Вместе с комендантом они пытались разговорить раненого, но кроме того, что «это были индейцы, вооружённые ружьями», мало чего добились. Рассказ его был прост: сперва из лесу вышел один краснокожий без оружия; трое ребят поскакали к нему, чтобы «задать перцу», но раздался залп из-за деревьев, и мужской состав поселения в один миг уменьшился на треть. Затем индейцы побежали к домам. Аспиды, по его словам, делали свою работу молча и стреляли как дьяволы. Насчёт их племенной принадлежности поселенец ничего сказать не мог. Пучки крашеных перьев да красные одеяла — вот и всё, что он успел увидеть перед тем как воды сомкнулись над его головой.
— Не много же ты успел увидеть, сынок, — ласково сказал ему адмирал. — Пожалуй, тебя следует повесить, когда твои раны подживут.
— За что?
— За трусость, милый. Ведь ты, похоже, даже ни одного выстрела не сделал?..
Клаус, услышав эту тираду, проникся к старому адмиралу чрезвычайным уважением. Но задумался, стоит ли идти к нему на службу.
Через три дня после приезда Уильяма Пенна Филадельфию осадили. Ночью заполыхала ферма Фата Уильямса, вплотную примыкавшая к лесу. Услышав выстрелы, народ повскакивал с лежанок, схватился за оружие. Клаус занял своё штатное место на помосте за частоколом. В столб справа он воткнул родной топор, в руках сжимал кремневое ружьё, на боку его висели рожок с порохом и сабля. Руки немного подрагивали: за все годы этого погружения, если не считать прошлогоднего инцидента по дороге в Филадельфию, в серьёзных переделках ему участвовать ещё не приходилось.
К утру полыхали ещё три фермы. На остальных пока держали оборону, из чего можно было сделать два вывода: что краснокожим нужна Филадельфия и что они спешат. Рассвело, и Клаус с ностальгической теплотой вспомнил автоматическую винтовку «М-16», из которой приходилось ему стрелять в скаутском лагере. Вокруг форта было полно индейцев. Они действительно были с ружьями, но вели себя не вполне по-индейски, то есть не носились вокруг стен, размахивая скальпами, а скрывались за неровностями почвы, высовываясь, чтобы выстрелить, и немедленно прячась обратно.
Уильям Пенн и Айзекайя Фоулз обошли стены, подбадривая защитников крепости. Пожилой джентльмен оживился, глаза его зажглись боевым азартом, не теряя, впрочем, свойственного им выражения добродушия.

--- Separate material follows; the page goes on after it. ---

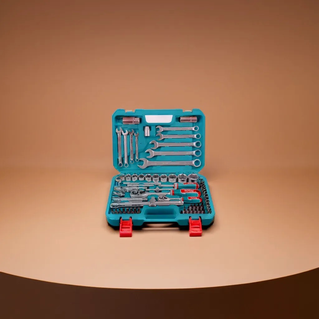 Bao gồm: 1 cờ lê Dr 1/4", 72T 13 đầu tuýp 1/4" Dr : 4-4.5-5-5.5-6-7-8-9-10-11-12-13-14mm 17 mũi vít 1/4": SL4-5.5-6.5, PH1-2, PZ1-2, H3-4-5-6, T8-10-15-20-25-30 1 khớp nối đa năng 1/4"Dr 2 thanh nối dài 1/4"Dr: 50mm & 100mm 1 thanh chữ T trượt 1/4"*114mm 1 thanh mở rộng linh hoạt 1/4"*150mm 1 tay cầm con quay 1/4"*150mm 1 chuyển đổi 1/4" 1 cờ lê văn Dr 1/2", 72T

В восемь утра стрельба извне усилилась. Парень из свиты Пеннa, стоявший у бойницы в трёх шагах от Клауса, захрипел, выронил ружьё, согнулся пополам и упал мёртвый. «Вот, похоже, и всё, — подумал Клаус без особой грусти, — Эти черти действительно метко стреляют. Сейчас будет немножко больно, а потом я окажусь дома. В тёплой постели на чистых простынях. Приму горячий душ. Вымою голову шампунем. Почишу зубы щёткой с пастой „Бленд-а-мед“. Включу тиви. Закажу гамбургеры и пиво у Макса. Настоящее пиво, а не эту колонистскую бурду. Позвоню Мэгги. Потом еще раз приму горячий душ — вместе с ней… «
Пуля отщепила кусок коры в каких-то двух дюймах от его щеки. Клаус отшатнулся. Всем хороши эти погружения, кабы не смерть, подумал он. Кабы умирать этак за минутку до смерти. Или за день — он вспомнил самую неприятную из своих смертей, когда попал к индейцам. К мирным индейцам. А может, тогда ещё не мирным. Может, это были индейцы ещё до подписания с ними мирного договора. У индейцев нет счёта времени. А если бы и был, они бы ему не сказали…

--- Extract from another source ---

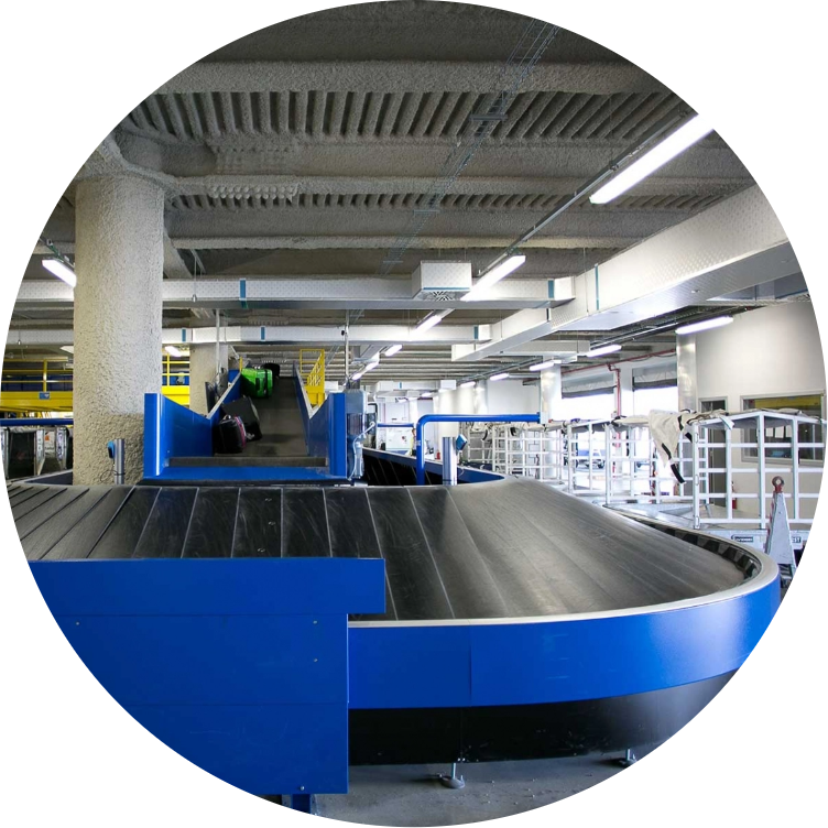 Cassioli’s inclined plate carousels can be used both in passenger baggage reclaim areas of the airport and in operational areas reserved for airport personnel. The system consists of a rigid closed-loop structure, some motorized modules and a track made of inclined plates on which the baggage is placed. The inclined plane configuration guarantees better visibility for passengers waiting for their baggage, better ergonomics, both during placement and removal of the luggage to and from the carousel and better alignment on the side nearest the operator (minimal effort to remove luggage). The inclined plate carousel occupies an area comparable to traditional flat plate carousels, but with a significantly higher load capacity.

Дикари за деревьями подняли вой; ясно, сейчас пойдут на приступ. Почему бы Айзекайе, мать его за ногу, не завести пару пушек, подумал Клаус. Звезданули бы сейчас картечью по ублюдкам. Тогда, впрочем, хрен бы красные ребята полезли на приступ — если бы знали, что у нас есть пушки.

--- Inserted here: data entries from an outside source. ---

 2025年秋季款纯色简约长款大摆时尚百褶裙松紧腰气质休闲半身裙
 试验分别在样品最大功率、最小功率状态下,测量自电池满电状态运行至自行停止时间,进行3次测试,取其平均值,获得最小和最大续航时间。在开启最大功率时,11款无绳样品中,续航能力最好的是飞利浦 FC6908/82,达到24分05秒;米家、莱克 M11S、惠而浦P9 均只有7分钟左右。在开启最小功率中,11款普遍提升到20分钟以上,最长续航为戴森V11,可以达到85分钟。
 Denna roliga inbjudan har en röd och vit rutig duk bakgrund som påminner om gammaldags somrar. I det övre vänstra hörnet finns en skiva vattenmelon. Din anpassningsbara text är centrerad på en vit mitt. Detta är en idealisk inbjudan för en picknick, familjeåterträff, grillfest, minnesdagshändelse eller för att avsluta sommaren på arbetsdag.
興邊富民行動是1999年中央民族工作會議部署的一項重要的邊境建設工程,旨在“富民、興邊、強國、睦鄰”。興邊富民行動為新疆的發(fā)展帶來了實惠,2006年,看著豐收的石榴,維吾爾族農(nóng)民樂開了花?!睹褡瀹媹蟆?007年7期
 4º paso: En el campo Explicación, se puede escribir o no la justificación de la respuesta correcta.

С другой стороны, откуда они знают, что их у нас нет?
В башке зрела какая-то смутная догадка.
Тут индейцы повыскакивали из-за деревьев и со всех сторон побежали к форту.
— Приступ? — воскликнул Уильям Пенн, которому люди из его свиты помогали взобраться на стену. — Я беру командование на себя. Эй, ребята, не стрелять, подпустите их ближе!
Однако индейцы, пробежав полпути, вдруг повернули и припустили назад.
— Вот славно! — завопил экс-адмирал. — Эй, ребята, сядем-ка им на спину! Будет дело как при Нордфоленде! Фоулз, отпирай ворота!
Комендант крепости махнул рукой, и два здоровяка бросились вытаскивать из пазов брус, которым был заперт вход в крепость. Тут Клаус опустил ружьё и закричал:
— Подождите отпирать ворота!
— Что такое? — повернулся к нему Пенн.
— Это не индейцы, сэр!
— Что значит, не индейцы?
— Это белые, сэр. Они притворяются индейцами!
— Вот как… — Адмирал на секунду задумался. — Что ж, и этот манёвр не из новых. Стало быть, они сейчас побегут обратно, чтобы ворваться в крепость, пока открыты ворота?..
— Уже бегут, сэр, — ответил Клаус, выглянув за частокол.
— А ворота закрыть мы, вероятно, уже не успеем?..
— Похоже на то, сэр. — Спокойствие старого адмирала успокоило Клауса и очень ему понравилось,
Те двое парней, что только что отворили тяжелые створки, вытирали пот со лба и заторможенно смотрели на бегущих к ним со всех сторон дикарей. Один из них успел что-то сообразить, дёрнулся, но сделать уже ничего не мог: первый же из подбежавших всадил в него железный тесак по самую рукоять. Вслед за ним рухнул в пыль и второй, получив по черепу тяжёлым прикладом.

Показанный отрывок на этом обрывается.